Becky's foster mother had started a diary when Becky first came to live with her. Becky watched her write in it every day and she began to write too. Later, she found her foster mother’s diary and was devastated by what she read. She never told her foster parents that she had learned the circumstances of her parent's accident.  

Over the years, Becky completed high school and received numerous awards for her writing. In fact, she won a full, scholarship for college, where she focused on professional writing. She became determined to become a freelance writer. 

Upon graduation, the local newspaper where she had worked part time while in college, hired her immediately. They asked her to move to a different city in order to expand their horizons, so once again, Becky’s life changed. With full time work guaranteed, she was able to purchase a house on the outskirts of town. She worked full time and dedicated her spare time to writing. Over the past year, she had struggled with her first, full-length, fiction manuscript. In many ways, it was not unlike the story of her life, but her gut instinct gut instinct told her that this was going to be another challenge in her life. 
For Becky, rejection was never easy for her to deal with, but the rejection of her major fiction project had blinded her mentally and emotionally.
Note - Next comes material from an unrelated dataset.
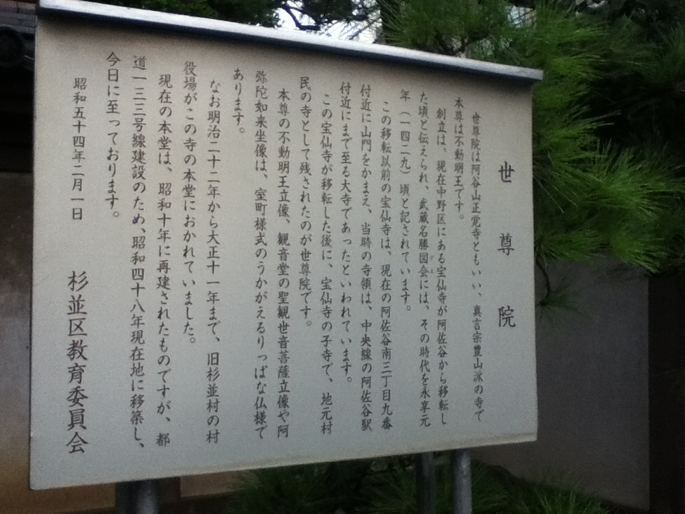 JR阿佐ヶ谷駅の北、駅前の南北の通り沿いにある真言宗豊山派のお寺。正面の山門は閉じたままだが、その横の入口が入ると、弘法大師の像があり、その右側に本堂がひっそりと立っている。本堂の周りは木々が立っている。境内は広くない。週末午後だったが、他に参拝者はいなく静かであった。また北にはお寺の幼稚園がある。創建時期は不詳であるが、昔、この周辺に中野宝仙寺があり、そのお寺が室町時代に中野へ移転した後に、その子寺、世尊院がこちらに残された。特に真言宗豊山派やこの界隈に関心や知識がある方には、訪問することをお勧めする。

Being stranded in the Majestic Mountain range made her realize that this area was truly as gorgeous as others had told her it would be. There were waves of tumultuous rocks, some of them with snow-covered peaks that glowed in the sun and moonlight. Majestic Mountain was astoundingly beautiful and majestic.

She had wanted to see these mountains up close for a long time. In fact, she longed to spend time in the mountains, so that she prove to herself and others that she was not the fragile china doll that everyone thought she was. China dolls are fine sitting on the shelf, but she was determined there was no way that she was going to spend her life like that. She had struggled early for her independence and was not about to give in to defeat. Striking out on her own in a new city gave her an opportunity to see what she was capable of doing on her own.

“The worst I could do would be to fail, but failure is not on my agenda,” she insisted to herself. It took a lot of courage to pack up everything she owned, leave everyone she had grown up with and start afresh in a city where there were only strangers. “They won’t be strangers for long.”

She had hoped to meet someone who she would fall in love with and eventually get married, raise a family and live a full life. So far, that had not happened, but she knew there was always a possibility of that in the future.